Maybe a new compiler that generates a "Large Memory Model" program or maybe use multiple cogs to speed up interpretation of the current byte codes.
What do people think>
rich
I was wondering what it would take to speed up Spin?
Maybe a new compiler that generates a "Large Memory Model" program or maybe use multiple cogs to speed up interpretation of the current byte codes.
What do people think>
rich
Comments
I don't think having Spin generate LLM code is desirable, especially not for the Prop I. The beauty of Spin is that it produces compact byte code allowing you to squeeze more functionality into the limited space. LLM code is much bigger. Besides if you want the Speed of LMM we now have Catalina and propgcc.
Using multiple COGS may not give you much boost whilst at the same time wasting COGs. In my efforts at creating a multi-cog Z80 emulator (Basically byte sized instructions) some time ago I could not get performance out of it. Perhaps I did not try hard enough but the overheads of passing data and control back and forth between COGs were a killer then.
Sounds like it is a dead end subject.
cheers,
rich
There have been a few attempts at speeding up the Spin interpreter. I believe the speed improvements have been around 25% to 33%. In theory, it would be possible to write a Spin compiler that generates LMM code. This would run quite a bit faster -- around 4 times as fast or faster. Of course, this would also require more hub RAM for program space. Another approach would be to convert Spin source to C source, and then compile it with Catalina or PropGCC. However, if you would go this route you might as well just program in C.
However, with that speedup and the fact I overclock from 80MHz to 104MHz regularly (30% improvement on all 8 cores) and that 108MHz is most likely stable too (35%), a nice increase can be had.
Functions can be loaded and eliminated dynamically from memory, so the 32k design of the prop that is commonly listed as a "drawback" is not much of an issue.
It can run from SD card, and can execute from scripts on the fly, so there is no real limit to program size, as long as a given module can fit in the available memeory.
And it interactive, so development iterations are quicker. But, using forth is considered "cheating" since its so easy.
I've seen where Spin processing is over 100 times faster with or without a clock using the following formula:
X = NP where
N = Number of Propeller chips
P = Propeller chip
X = SPIN Language Speed Increase
If the number of Propeller chips is 100, then
X = 100P for an increase of 100 times the processing speed of a single Propeller.
The gain is from multiple SPIN instances of parallel thinking, not the overhead.
You may want to figure in multiple instances of Cogs by using 8X instead of X.
http://forums.parallax.com/showthread.php?124495-Fill-the-Big-Brain
Can i get a copy of the Spin speedup you did?

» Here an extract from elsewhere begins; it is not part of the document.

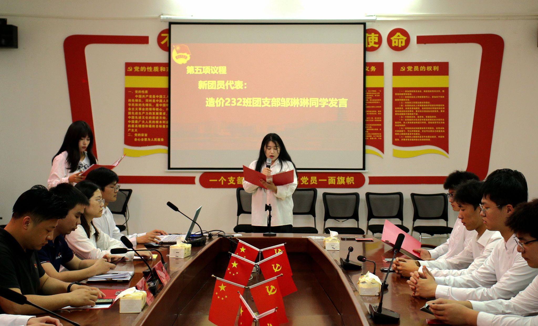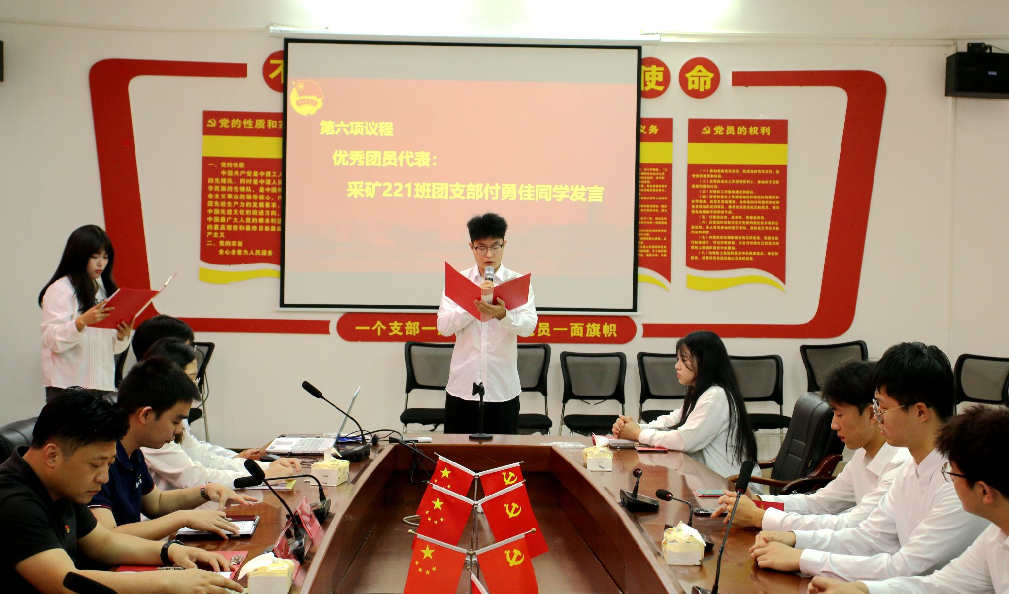 随后,新团员代表邹琳琳同学在会上发言,表示要成为一名有理想,有抱负,与时俱进的团员。紧接着,优秀团员代表付勇佳同学发言,他说要以团员的标准要求自己,牢记自己是一名光荣的共青团员,让团徽在胸前永远闪光。
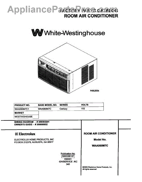 White Westinghouse Air Conditioner Parts

Here is a what-if questions:
If a COG were changed so that it's memory space was 1024 longs instead of 512 would that have helped to speedup Spin?
cheers,
rich
But how would you do that? The 512 limit isn't just that that's all it has. It's built into the instruction set with the 9 bit src and dst fields. So not a simple case of just tacking on more RAM.
"...would be faster...".
I'm not sure I'm with you. Do you mean compile Spin to LMM?

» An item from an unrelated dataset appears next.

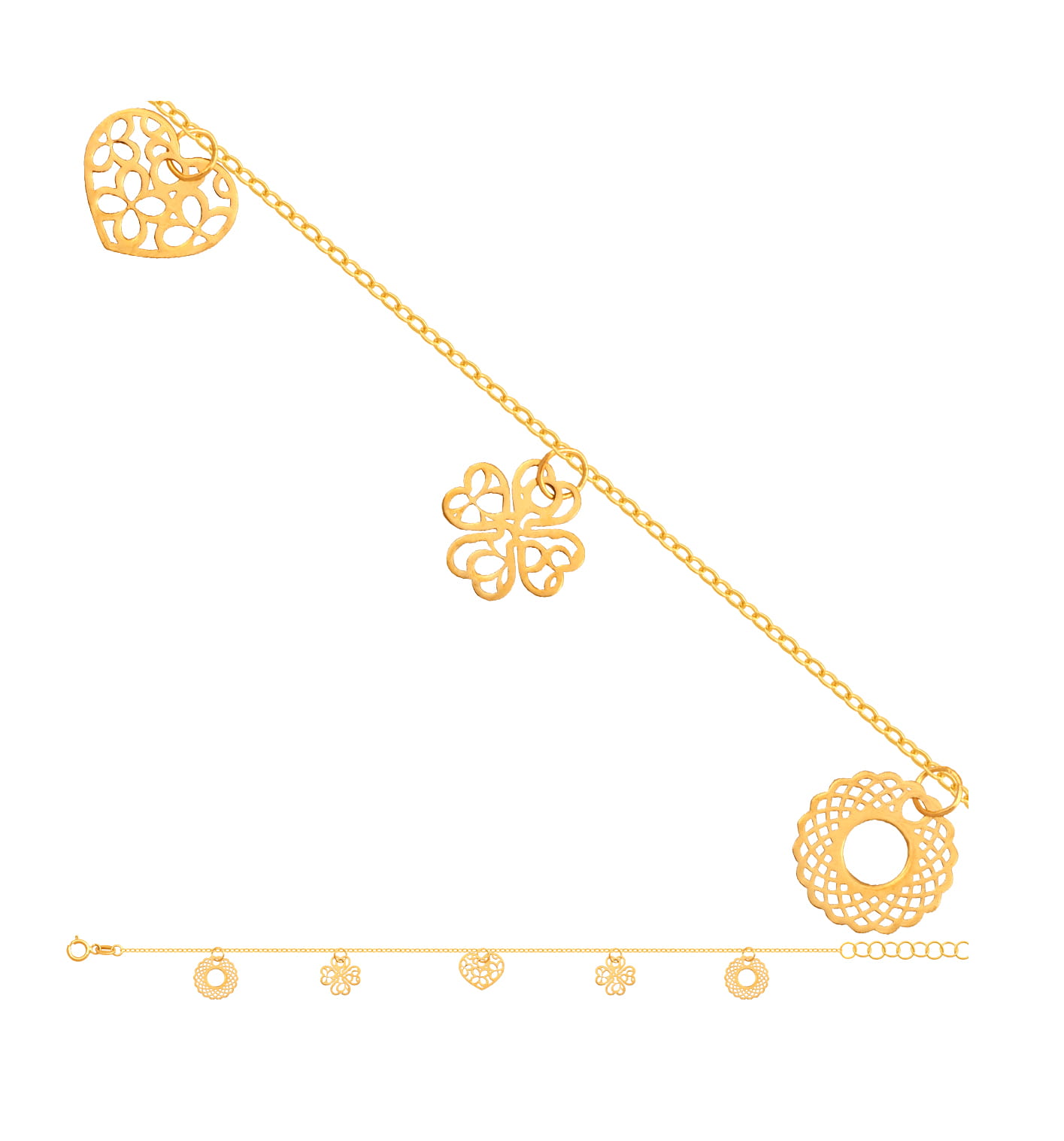 Bransoletka Zdobiona Zawieszkami w Kształcie Serca,Koniczynek i Dwóch Kółeczek Ażurowych
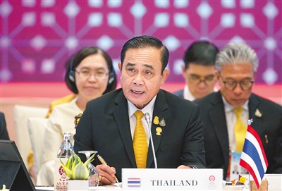 6月22日,在泰国曼谷,泰国总理巴育出席第34届东盟峰会全体会议。

In which case the Spin interpreter become an LMM kernel, faster but bigger.
Or do you mean an LMM Spin interpreter runing Spin byte codes? Which I might have guessed would be slower.
Yes, an open sourced spin compiler (and pasm compiler) would have opened a lot of things up for developing the prop. Even with the problems with PropTool source, it would have helped the march.
Spin Interpreter:
The addition of LMM to the spin mix (as in moving the relatively unused sections to LMM), plus the decode vector improvement, would lead to some considerable gains. Unfortunately 512 longs will not happen although I agree it is a shame, with banking. However, the PropII does introduce a usable fifo which can be used as the stack in the spin interpreter. This would provide quite an improvement. But the whole PropII will improve spin significantly, and it will be soft, so it can be extended.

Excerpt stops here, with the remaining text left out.